Exercise directions
Look below for the line that contains "Il y a Ă©galement" and the line that contains "8 SAT-Ebenen +", then restate both of them and every line in between, exactly. No picture goes in the copy.

Records shown
Start of Block

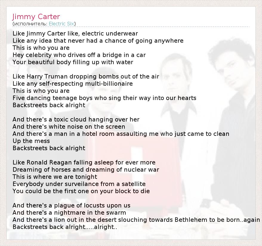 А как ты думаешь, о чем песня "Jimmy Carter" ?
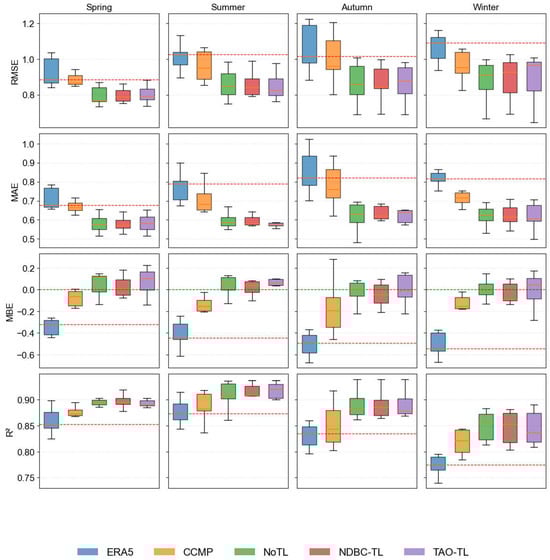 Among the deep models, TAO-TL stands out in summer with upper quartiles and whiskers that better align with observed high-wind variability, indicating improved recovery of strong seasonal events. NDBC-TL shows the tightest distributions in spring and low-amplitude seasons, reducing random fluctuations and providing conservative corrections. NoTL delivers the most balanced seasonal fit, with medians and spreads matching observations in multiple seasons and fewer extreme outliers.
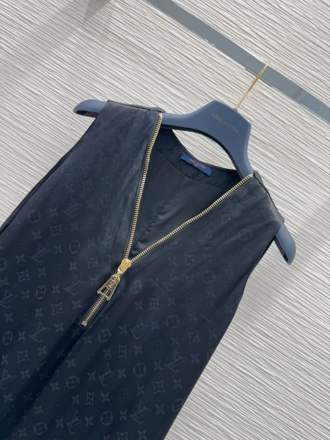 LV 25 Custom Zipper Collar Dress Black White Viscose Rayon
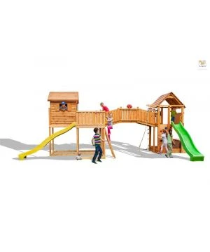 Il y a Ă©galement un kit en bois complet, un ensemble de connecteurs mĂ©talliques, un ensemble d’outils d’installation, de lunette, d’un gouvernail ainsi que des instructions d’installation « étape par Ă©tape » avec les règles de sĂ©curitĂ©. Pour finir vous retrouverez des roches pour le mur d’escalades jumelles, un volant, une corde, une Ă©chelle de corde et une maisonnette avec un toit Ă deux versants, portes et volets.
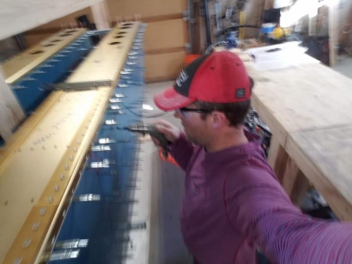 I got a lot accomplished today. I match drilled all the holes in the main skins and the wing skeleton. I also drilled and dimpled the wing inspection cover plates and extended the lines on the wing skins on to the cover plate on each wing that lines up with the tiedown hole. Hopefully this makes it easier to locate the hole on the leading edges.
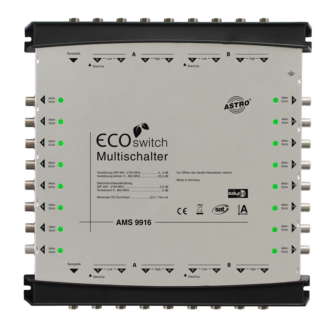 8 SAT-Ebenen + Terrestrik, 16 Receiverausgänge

End of Block
Start of Block

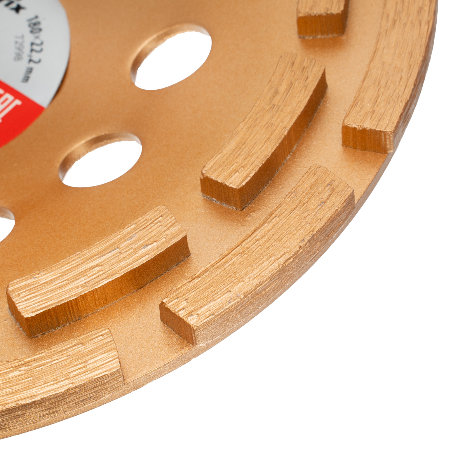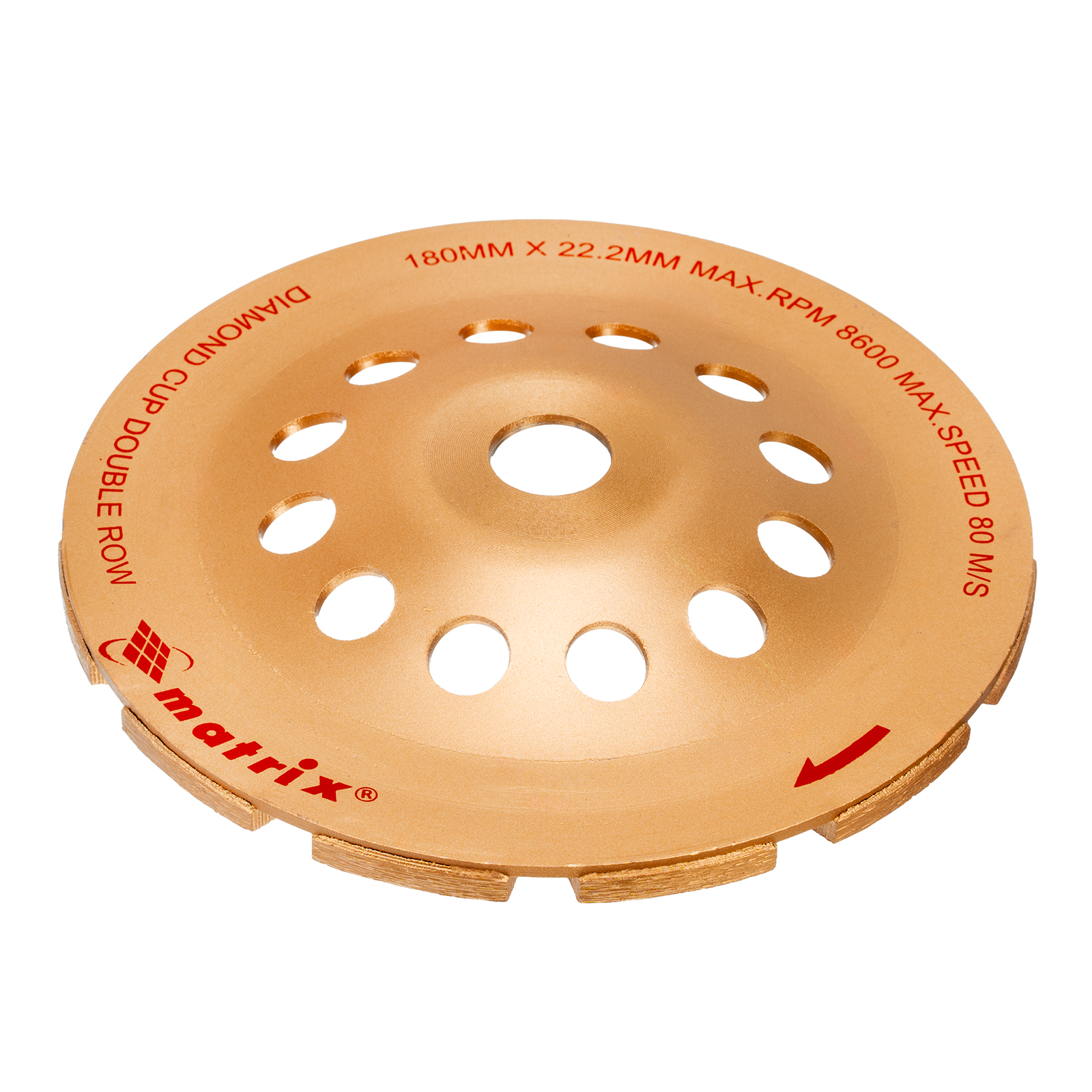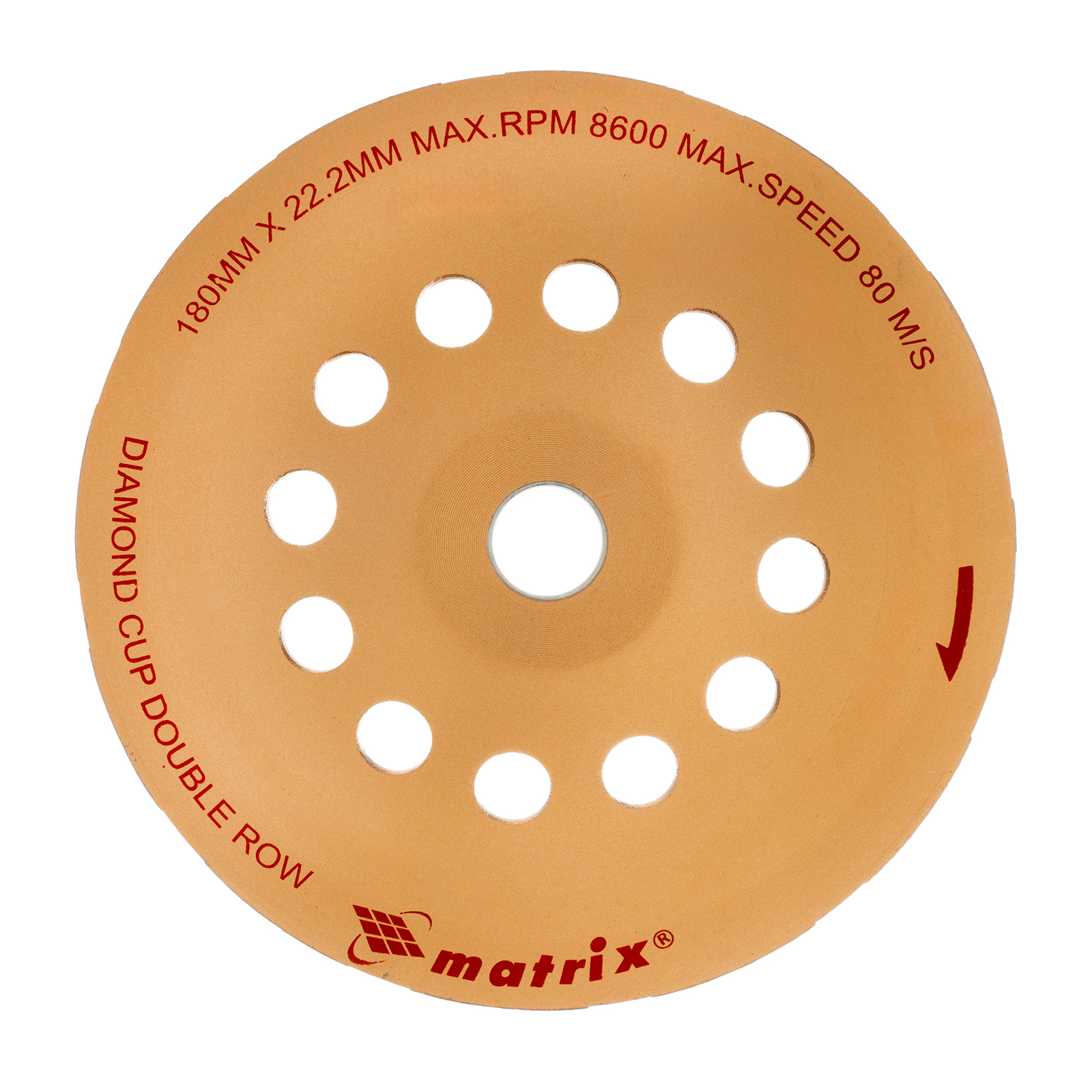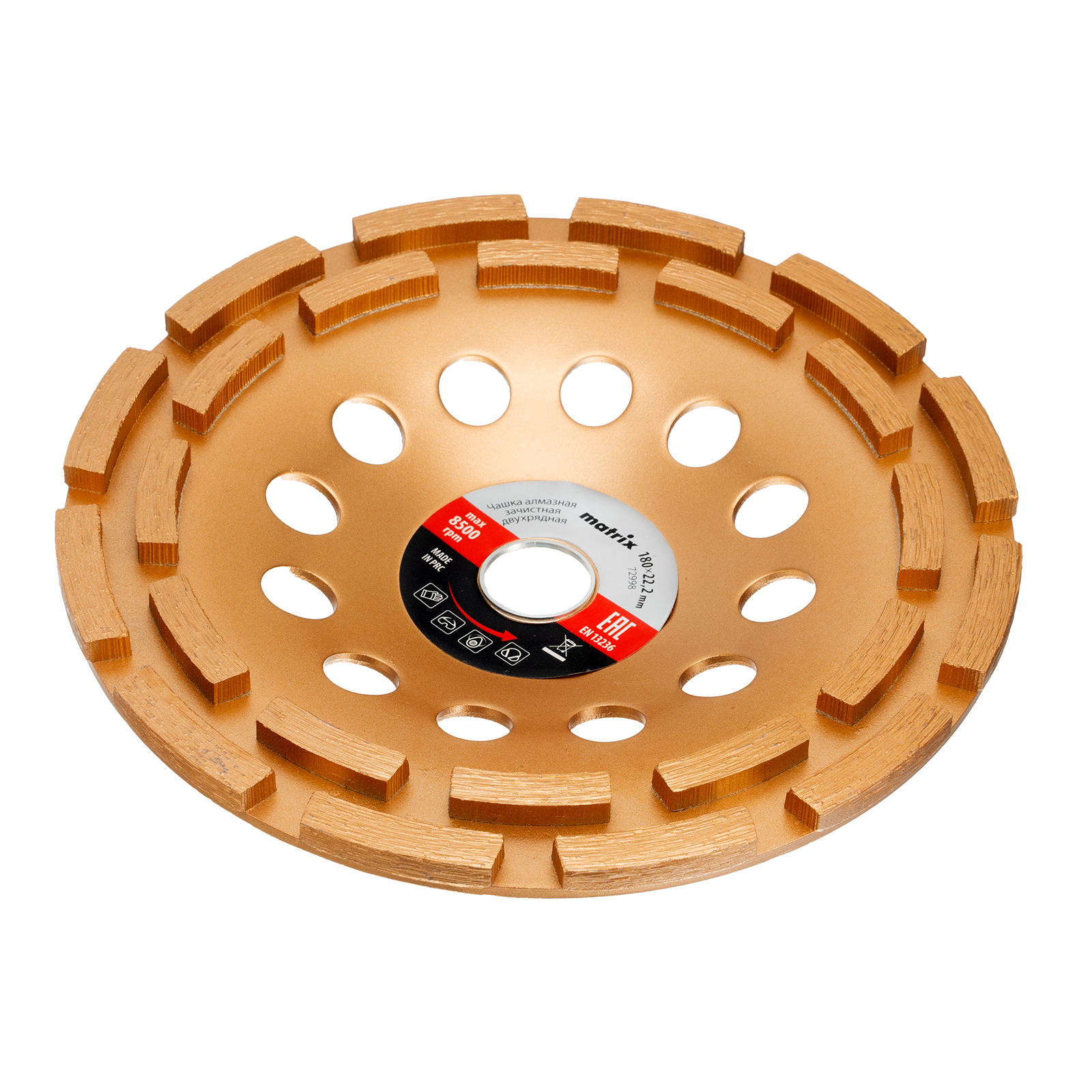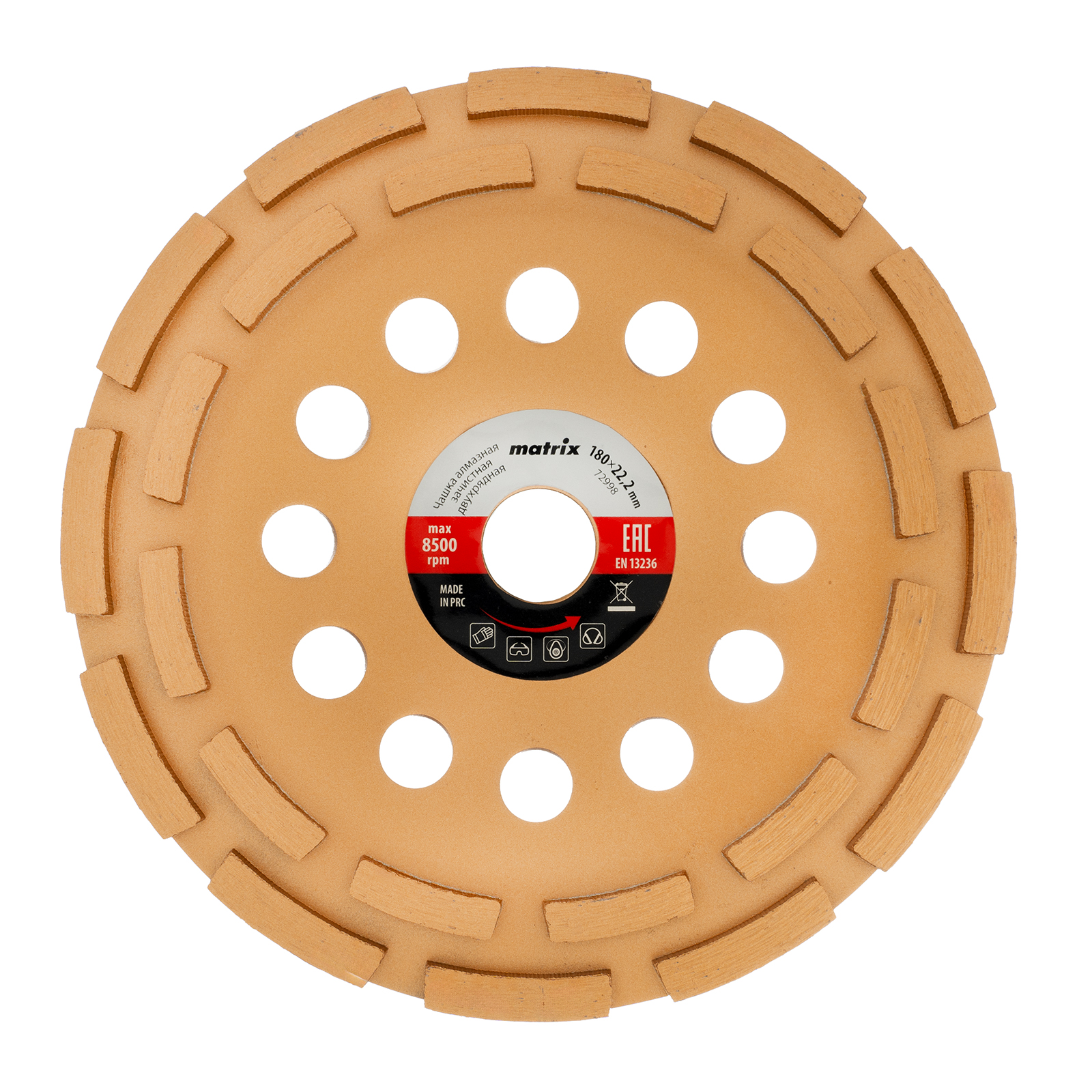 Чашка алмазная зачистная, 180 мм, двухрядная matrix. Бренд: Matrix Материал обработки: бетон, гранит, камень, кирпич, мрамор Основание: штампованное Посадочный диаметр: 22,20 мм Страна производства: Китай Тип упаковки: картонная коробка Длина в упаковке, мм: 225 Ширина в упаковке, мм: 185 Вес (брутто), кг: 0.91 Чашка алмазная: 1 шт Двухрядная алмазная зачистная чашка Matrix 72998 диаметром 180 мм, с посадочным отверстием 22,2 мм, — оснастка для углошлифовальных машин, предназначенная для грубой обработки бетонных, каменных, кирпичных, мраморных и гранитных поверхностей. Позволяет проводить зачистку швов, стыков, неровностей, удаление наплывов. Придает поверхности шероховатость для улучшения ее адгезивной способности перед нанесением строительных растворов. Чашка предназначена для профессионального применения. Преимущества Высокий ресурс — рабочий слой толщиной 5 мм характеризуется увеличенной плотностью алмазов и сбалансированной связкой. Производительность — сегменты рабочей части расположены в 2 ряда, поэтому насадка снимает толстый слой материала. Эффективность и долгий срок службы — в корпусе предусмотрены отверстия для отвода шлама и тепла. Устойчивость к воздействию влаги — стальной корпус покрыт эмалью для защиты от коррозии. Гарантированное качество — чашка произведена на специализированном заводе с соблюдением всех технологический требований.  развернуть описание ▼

End of Block

Solution to this exercise
 Il y a Ă©galement un kit en bois complet, un ensemble de connecteurs mĂ©talliques, un ensemble d’outils d’installation, de lunette, d’un gouvernail ainsi que des instructions d’installation « étape par Ă©tape » avec les règles de sĂ©curitĂ©. Pour finir vous retrouverez des roches pour le mur d’escalades jumelles, un volant, une corde, une Ă©chelle de corde et une maisonnette avec un toit Ă deux versants, portes et volets.
 I got a lot accomplished today. I match drilled all the holes in the main skins and the wing skeleton. I also drilled and dimpled the wing inspection cover plates and extended the lines on the wing skins on to the cover plate on each wing that lines up with the tiedown hole. Hopefully this makes it easier to locate the hole on the leading edges.
 8 SAT-Ebenen + Terrestrik, 16 Receiverausgänge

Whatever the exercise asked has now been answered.